The first genetic study of the vestimentiferan tubeworm Riftia pachyptila reported moderate levels of genetic divergence based on allozyme gene frequencies between populations inhabiting the Galápagos Rift and 21°N on the East Pacific Rise (EPR) and suggested limited larval dispersal ability and the potential existence of barriers to larval dispersal (Bucklin 1988). Subsequent allozyme data based on additional polymorphic loci suggested that barriers to gene flow do not exist over 4000 km along the northern EPR and the Galápagos Rift (Black et al. 1994). This weak isolation by distance trend supports dispersal occurring predominantly in a stepping-stone fashion along the ridge axis. Similarly, weak patterns have been observed from allozyme gene frequencies among populations of the tubeworms Tevnia jerichonana and Oasisia alvinae (Black et al. 1998). Single-locus mitochondrial DNA sequences (Cytochrome c Oxidase subunit I, Black et al. 1997; Hurtado et al. 2004) have also revealed little (one polymorphic site out of c. 650 bp among a total of 32 individuals from 27°N, 21°N, and 31°S) to no genetic variability in R. pachyptila populations along the northern and southern EPR to 17°S. A marked mtCOI divergence among R. pachyptila populations was identified just south of the Easter Microplate (31–32°S), which is consistent with a historical dispersal barrier (Hurtado et al. 2004). Processes limiting effective population size, and ultimately genetic diversity, have been proposed to explain genetic homogeneity among vent populations and in the deep-sea (e.g.Black et al. 1994; Creasey & Rogers 1999), while genetic divergence has been attributed to physical barriers (e.g.France et al. 1992), shifting of available habitat (Jollivet et al. 1999), frequent extinction and recolonization events (Black et al. 1994; Vrijenhoek 1997), and species succession (Vrijenhoek et al. 1998). To understand the role these processes play in defining the genetic structure of populations and the evolution of species in these deep-sea ephemeral habitats, new integrated fine-scale (metapopulation) genetic and time-series ecological approaches are needed.

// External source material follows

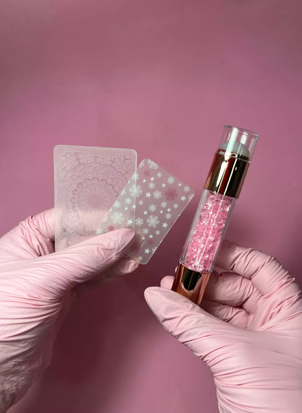 Sello De Stamping Doble con cristales Base Silicona Mas Placa
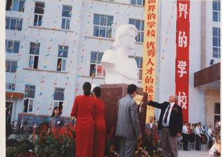 ◆ 世界第一座海伦·斯诺雕像在西安落成。9月21日是海伦·斯诺的诞辰纪念日,我会邀请柴泽民、凌青、钱永年等老一辈外交家及35人美国海伦斯诺代表团前来西安参加第一座海伦·斯诺雕像落成典礼和第一所海伦·斯诺学校的开学典礼。西安市委书记崔林涛与海伦的侄女谢莉尔共同为校牌揭幕。谢莉尔丈夫毕绍夫为雕像揭幕。雕像用白色大理石雕成,高1.8米,底座高2米,用红色花岗岩贴面,是陕西雕塑家刘逢刚的作品。(附图)贾治邦会见并宴请了谢莉尔夫妇及所有来访的海伦亲属。

We hypothesize that previously employed genetic markers have under-sampled genetic diversity, limiting the potential for identifying larval dispersal mechanisms and metapopulation genetic structure. Therefore, we assessed genetic diversity using a genomic fingerprinting approach, amplified fragment length polymorphisms (AFLPs) (Vos et al. 1995), and a vent-endemic species for which genetic and larval studies have been conducted. Genomic AFLP surveys typically recover hundreds of polymorphic loci (versus 5 to 20 for allozymes) for simultaneous comparison via the visualization of restriction fragments representative of the non-coding portion of the genome (Wong et al. 2001). Although frequently considered a dominant marker due to the inability to distinguish homozygous and heterozygous individuals (but see also Bensch et al. 2002 and Parsons and Shaw 2001), AFLP fingerprinting has been shown to be less prone to problems of hidden heterogeneity and selection than allozymes (e.g.Escaravage et al. 1998), to yield greater levels of genetic diversity than allozymes, RFLPs and RAPDs (e.g.Lopez et al. 1999; Mueller & Wolfenbarger 1999; Loh et al. 2000), and through AFLP methodological variants (Bensch & Akesson 2005), to be utilized as a highly effective gateway for more detailed investigation of (co-dominant) variation in microsatellites (e.g.Yang et al. 2002), cDNA (e.g.Bachem et al. 1996), and DNA methylation (e.g.Sherman and Talbert 2002).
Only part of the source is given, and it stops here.